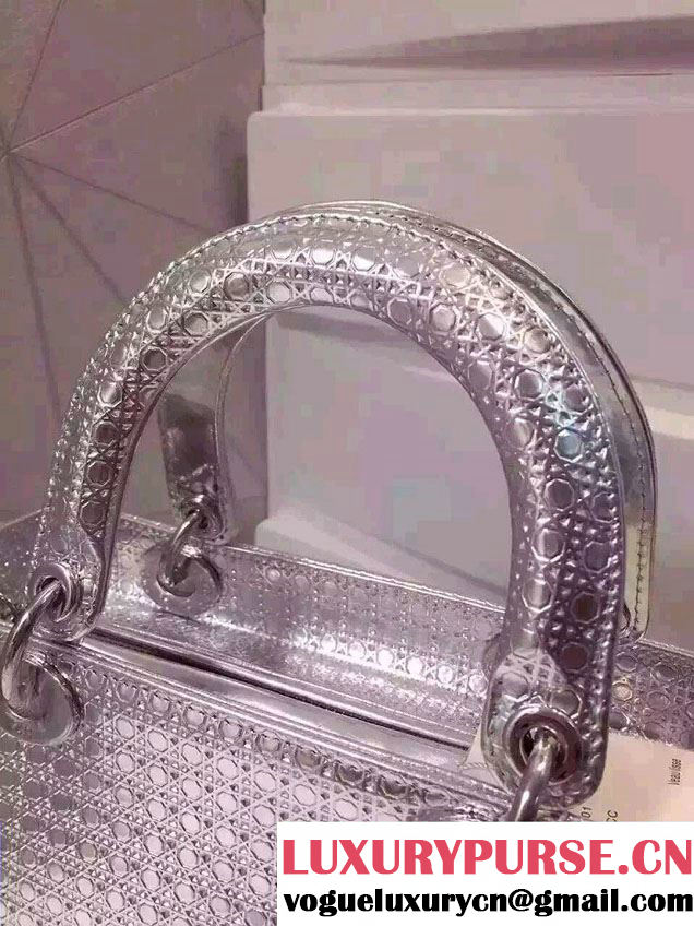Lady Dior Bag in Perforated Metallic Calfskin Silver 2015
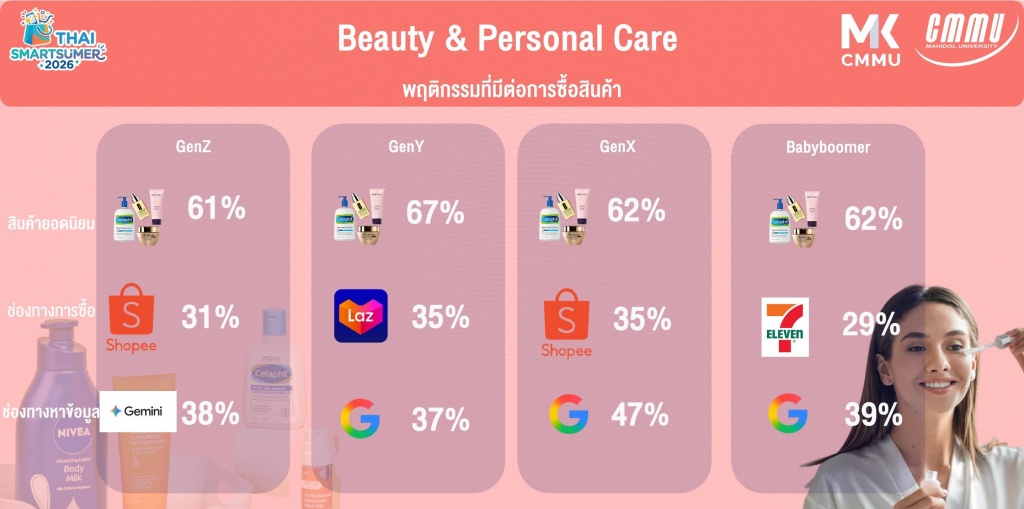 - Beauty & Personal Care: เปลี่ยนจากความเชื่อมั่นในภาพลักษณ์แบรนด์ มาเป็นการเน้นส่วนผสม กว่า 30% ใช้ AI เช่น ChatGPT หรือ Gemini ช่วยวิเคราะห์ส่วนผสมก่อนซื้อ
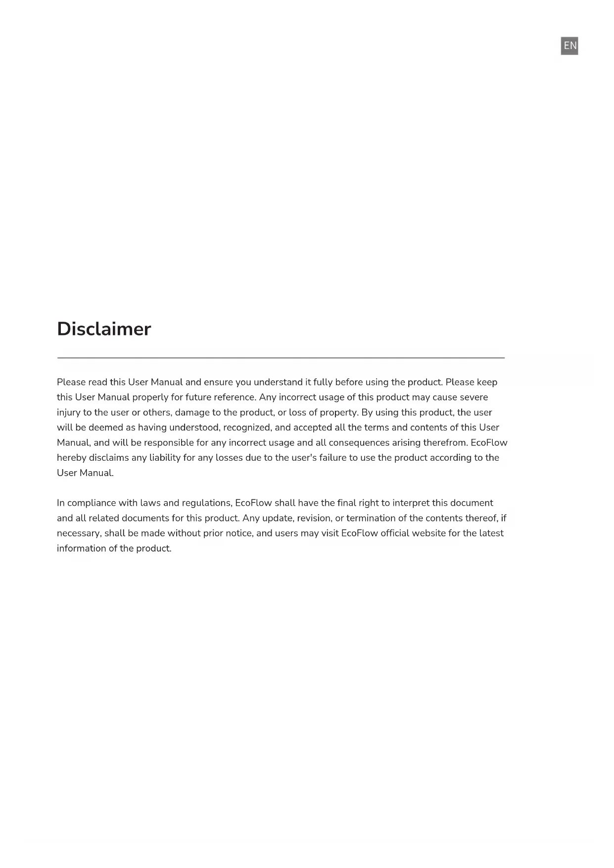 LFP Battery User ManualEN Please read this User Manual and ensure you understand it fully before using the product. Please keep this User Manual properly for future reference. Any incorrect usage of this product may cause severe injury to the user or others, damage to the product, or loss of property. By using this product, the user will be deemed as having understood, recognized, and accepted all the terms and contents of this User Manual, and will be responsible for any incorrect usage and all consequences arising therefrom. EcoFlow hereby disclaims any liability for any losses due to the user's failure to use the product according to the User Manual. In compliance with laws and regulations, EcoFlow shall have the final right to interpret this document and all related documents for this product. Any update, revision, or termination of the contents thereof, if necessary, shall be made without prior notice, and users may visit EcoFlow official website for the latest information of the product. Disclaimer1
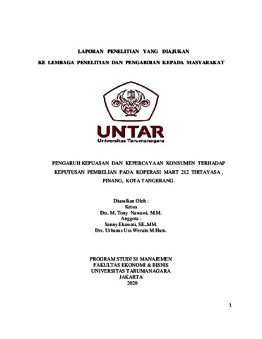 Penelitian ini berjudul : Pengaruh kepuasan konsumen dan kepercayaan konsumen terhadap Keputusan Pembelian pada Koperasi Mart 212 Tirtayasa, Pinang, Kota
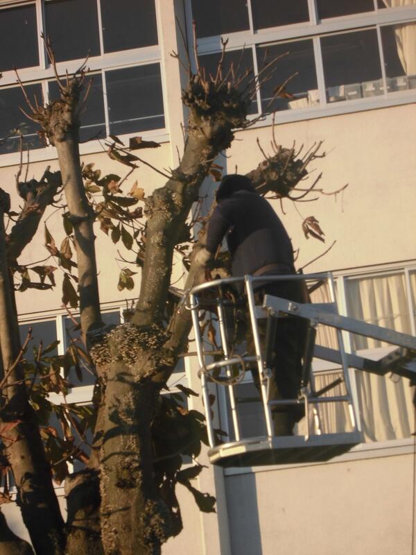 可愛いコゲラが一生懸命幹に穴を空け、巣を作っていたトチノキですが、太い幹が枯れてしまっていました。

──────────────────────────────

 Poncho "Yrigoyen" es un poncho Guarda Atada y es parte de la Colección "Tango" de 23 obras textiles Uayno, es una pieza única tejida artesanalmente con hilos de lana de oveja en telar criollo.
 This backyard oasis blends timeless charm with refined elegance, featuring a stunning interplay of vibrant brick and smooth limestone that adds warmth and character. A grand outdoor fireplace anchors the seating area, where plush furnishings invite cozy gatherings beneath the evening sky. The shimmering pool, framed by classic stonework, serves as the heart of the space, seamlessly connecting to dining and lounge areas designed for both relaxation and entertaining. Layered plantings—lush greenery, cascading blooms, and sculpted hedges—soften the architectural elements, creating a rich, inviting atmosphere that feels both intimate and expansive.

──────────────────────────────

WHAT THIS TASK INVOLVES :: Within the material above, find the part that opens with the line containing "Lady Dior Bag" and closes with the line containing "- Beauty & Personal", and reproduce it exactly without the pictures.

ANSWER TO THE PROBLEM ::
Lady Dior Bag in Perforated Metallic Calfskin Silver 2015
 - Beauty & Personal Care: เปลี่ยนจากความเชื่อมั่นในภาพลักษณ์แบรนด์ มาเป็นการเน้นส่วนผสม กว่า 30% ใช้ AI เช่น ChatGPT หรือ Gemini ช่วยวิเคราะห์ส่วนผสมก่อนซื้อ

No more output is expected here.